Development More Important Than Football At Hereford Suggests MP


Jesse Norman, MP for Hereford, will lead a debate on lower league football in the House Of Commons on Thursday. He spoke to BBC Hereford and Worcester this afternoon about what he will say in the debate and confirmed that he would be talking about the current problems at Hereford United but also mention the strength of the game in Herefordshire.

"Hereford United has been an important part of the story because the situation has been a disaster for the club and for the fans.

"But it's by no means the only club in Herefordshire. We have 120 junior teams and 40 senior teams.

"Herefordshire FA manages a very thriving youth and adult game in the county.

"I'll be talking about all of those aspects.

"Hereford United itself is a catalogue of what can go wrong when a club is taken over and mistreated.

"That will include the fit and proper test, the behaviour of some of the regulatory authorities, the behaviour of the new owners of Hereford United and what they did, how the Southern League behaved.

"They (the new owners) took over a club which undoubtedly was very indebted and it may be they didn't know the true scale of the debt at the time.

"But they had an opportunity to keep the club which had just avoided relegation in the Conference and they had an opportunity to inject new money and to manage a debt rescheduling process within that context which would have guaranteed good football for Herefordians.

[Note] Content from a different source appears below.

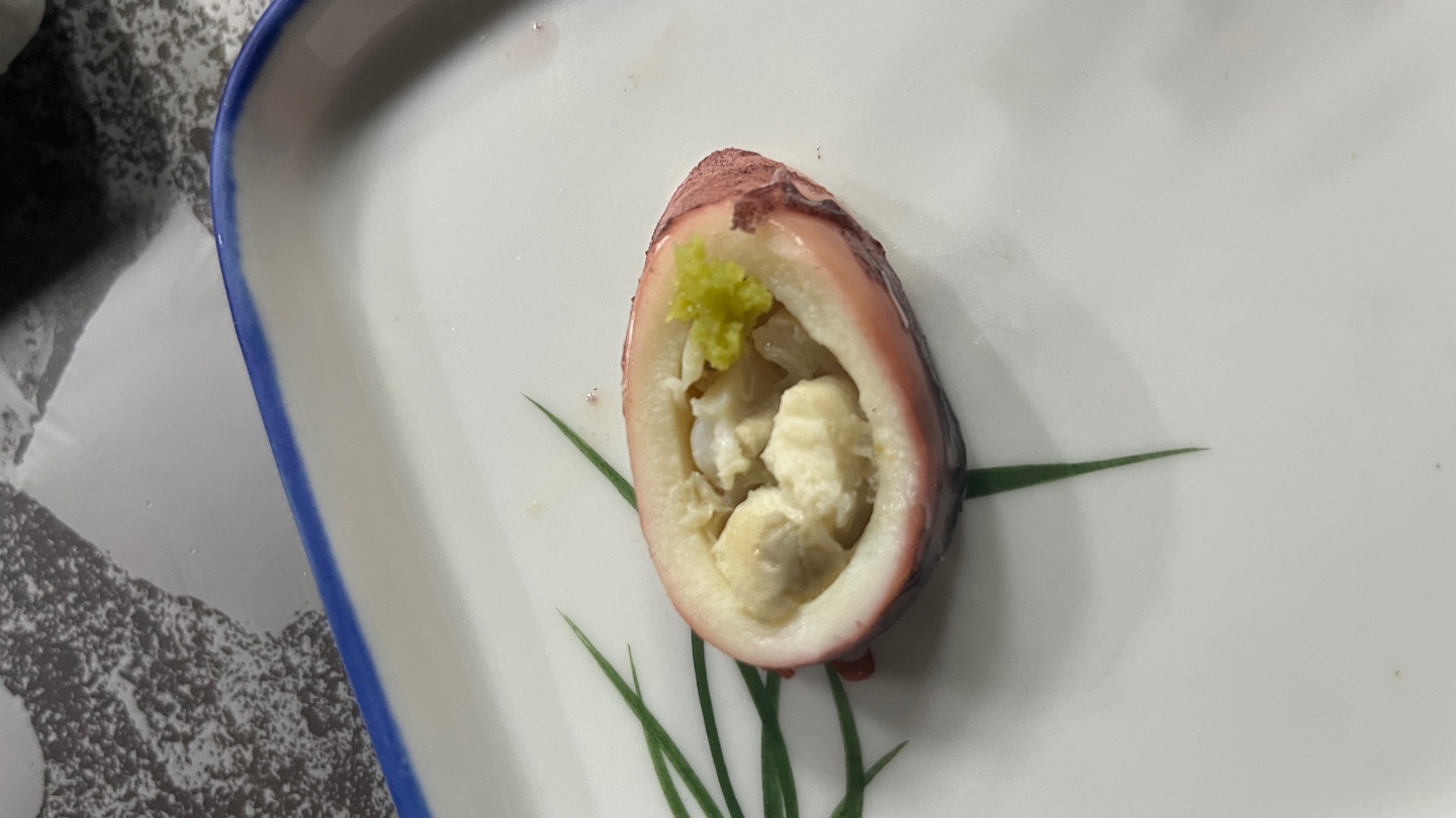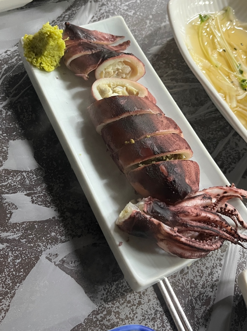 다음으로 나온 통오징어..찜이라고 해야할까요. 안에는 오징어 내장이랑 여러가지가 들어있는 것 같은데 솔직히 잘 모르겠다는 😂 근데 맛있습니다. 요즘 오징어값도 엄청 올라서 회 먹을려고 해도 한 접시에 3만원씩 하던데 아주 통통하고 실하고 맛있었어요. 소주 맛이 절로 생각나는 메뉴들~

"And in fact Mr Agombar did not post the bond which would have allowed them to continue to play in the Conference. It was relegated by two leagues and the effect of that is that the club has fallen into disarray.

"Ironically it has become harder for the owners to manage the debt situation as a result of that.

"And lot of other issues to do with repayment to people who are owed money who were football creditors who, traditionally have been paid out before non-football creditors.

"There's an awful lot to answer for I think."

The point was then put to the MP that football is more of a business than a sport.

"I think that's a proper concern to be had in parts of the game.

"In the case of Hereford United what comes out strongly is that this is a club that is as much public as private. It's a mistake just to think of it as a private company, it's a public entity because it is the fans who support it, who buy the merchandise, who buy the season tickets, who turn out every other week and go to away games as well.

"It's those people and their concerns that have to recognised.

"Our game has grown up over many decades and the regulatory authorities do continue to see these things and themselves in private terms.

"Frankly the time has come when they need to be paying more attention to public concerns than they have done and one of the areas where you see that is it's starting to look as though the Football Association did not disclose the results of its own fit and proper test publically for three or four weeks when they could have done.

"That may have had a serious effect on the way people would have looked at the voluntary arrangment set up for Hereford United.

"The City of Hereford has been struck over the head very forcible because of the loss of the club. The fans and those around the club has done a brilliant job putting on alternative games but all we really want is the football club back functioning, happy and succeeding."

What about the issue of running the club into the ground and taking the assets?

"That is a serious concern and that concern hasn't been reduced by the fact that Mr Agombar and his associates didn't want to keep the club, despite all their promises, in the Conference Premier.

"If they had done then I think fans would have taken the view that this was someone who was serious and was there to put a guarantee and therefore some money behind his fine words.

"But as soon as you say we're not going to do that, you drop two divisions, then people say well hold on a second what that really means is that you are focusing on the commercial side of it.

"You don't really care about the football because you haven't protected it.

"It looks as though you have a bit of football which keeps it notionally as a football club whilst they really get on with the true focus which is the commercial development of the ground."